Forms let you collect information or data from users. Online shopping, user surveys, search engines and guest books are common uses for forms.

To work, forms require two components: the (X)HTML describing the structure of the form plus either a server-side application or script (usually a CGI script) to process the information that the user enters into the form fields. The resulting effect of the processing script may be to simply send the data entered into the form back to an email address or it may be to send it off to a location for you to access at a later date. (e.g. survey data stored in a database), sometimes an immediate response is provided to the user (eg. content returned as a result of entering search criteria into a form.

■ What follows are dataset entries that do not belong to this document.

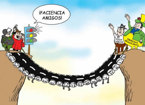 Finally, this cartoon is from La Prensa, shows on the left side a police officer and a person in a red poncho, which represents the radical and violent group of Aymara people from Achacachi saying “patience friends!” to their side is a traffic light which is currently in red. Then, there is “paved bridge” of people who are supposedly the TIPNIS indigenous group who are represented as defeated. On the right end, two smiling people are waving; one representing the coca growers (cocaleros) and the “prosperous” gentleman portrays the Brazilian companies (in charge of the construction of the polemic road).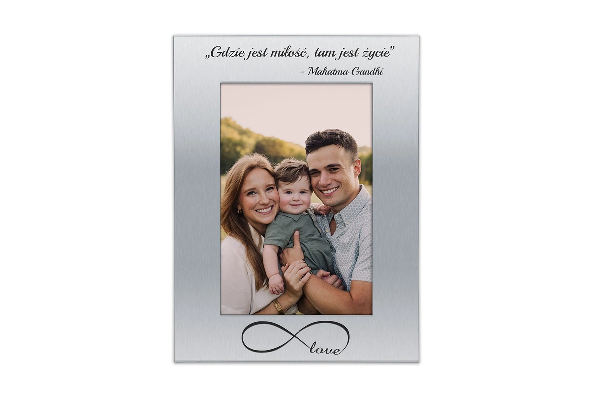Ramka na zdjęcia wykonana z wysokiej jakości aluminium. Umożliwia umieszczenie zdjęcia w układzie pionowym jak i poziomym. Dzięki unikatowemu grawerunkowi będzie doskonałą pamiątką uwieczniając najwspanialsze wspólnie spędzone chwile.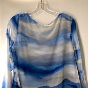 39. Scoop Neck Long Sleeve Blue/White Balloon Hem Top

All form objects (fields) for an individual form need to be included in a single form element (Insert panel, Forms tab):
<form id="info" method="post" action="cgi-bin/nms-formmail/FormMail.pl">form field objects</form>
. The ‘action’ attribute specifies the location of the processing script on the server which in turn contains information on how to process the form data collected when someone fills in the form and submits it. In Dreamweaver, all attributes for the <form> element can be set by selecting the Form in the Design window or with the Tag selector, then editing attributes in the Properties inspector.

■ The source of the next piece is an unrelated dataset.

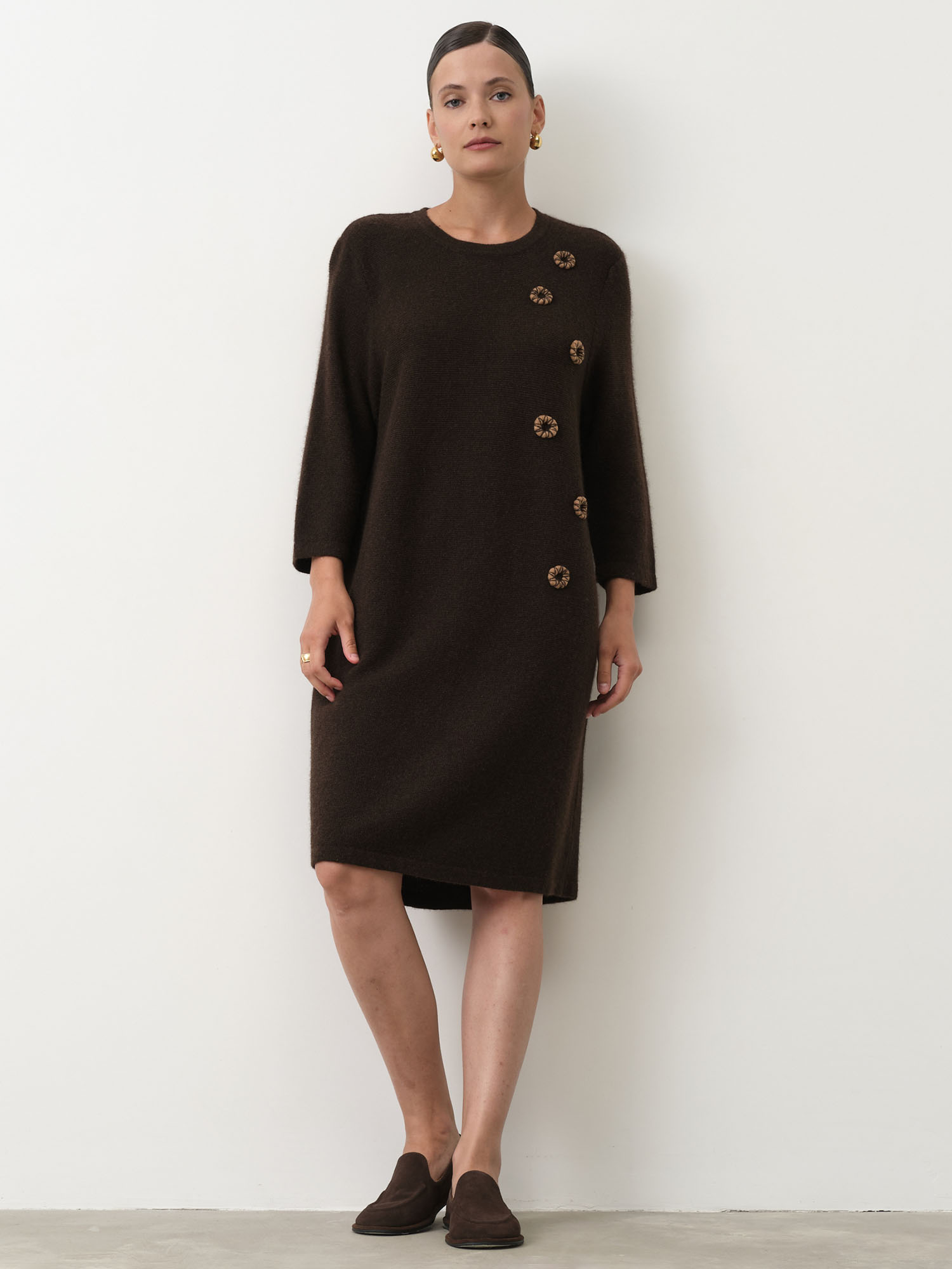 Модель выполнена в прямом силуэте с округлой горловиной и рукавами длиной 3/4. Лаконичный крой дополнен декоративными элементами, придающими изделию индивидуальность.

Inside the form element (in Dreamweaver, indicated by an red/orange dashed outline), insert form objects such as text fields, buttons, image fields, checkboxes, radio buttons, list/menus, file fields and hidden fields (Insert panel, Forms tab). Properties can be set in the Properties panel for each object in the form.

How it works

Once the user has finished filling out the form and clicks the submit button, the form is submitted to the CGI script specified in the forms ‘action’ attribute, which in turn processes the form. This CGI script can use the data from the form to send an e-mail message, save the data to a file, query a database and even send a thank you message back to the user’s browser.


Perl is the most common scripting language for form processing; C, Java, and even JavaScript are other options. Web developers skilled in these languages can use a simple text editing program such as Notepad to create these files. There are several sites on the web that offer free CGI scripts that you can either use as is or modify to fit your needs. 2 common options for form processing are available below. You can also ask your sites hosting provider or web team if there are any CGI scripts that are already configured to run on your web server that you can use (most web hosting providers offer these for free with your account via your control panel).

CGI Email (written in C programming language)

This script is the property of: http://web.mit.edu/wwwdev/cgiemail/. See this page for support information.

Pros: A quick and easy option when getting started, as it does not require you to edit a script. You are only required to create a text file (no coding required), define some hidden fields in your form (Insert panel, Forms tab) then upload the text file to your site and the cgiemail file to the cgi-bin folder of your remote site.

Cons: Not very secure. Spambots can access your script and you can expect to receive a few spammy emails generated from your form.


MNS FormMail (written using Perl Script)

This script is the property of: http://nms-cgi.sourceforge.net/. See this page for support information.

Pros: More secure and offers greater form management options.

Cons: You will be required to edit the Perl script (FormMail.pl). Full instructions are provided however, editing script can be daunting for new users.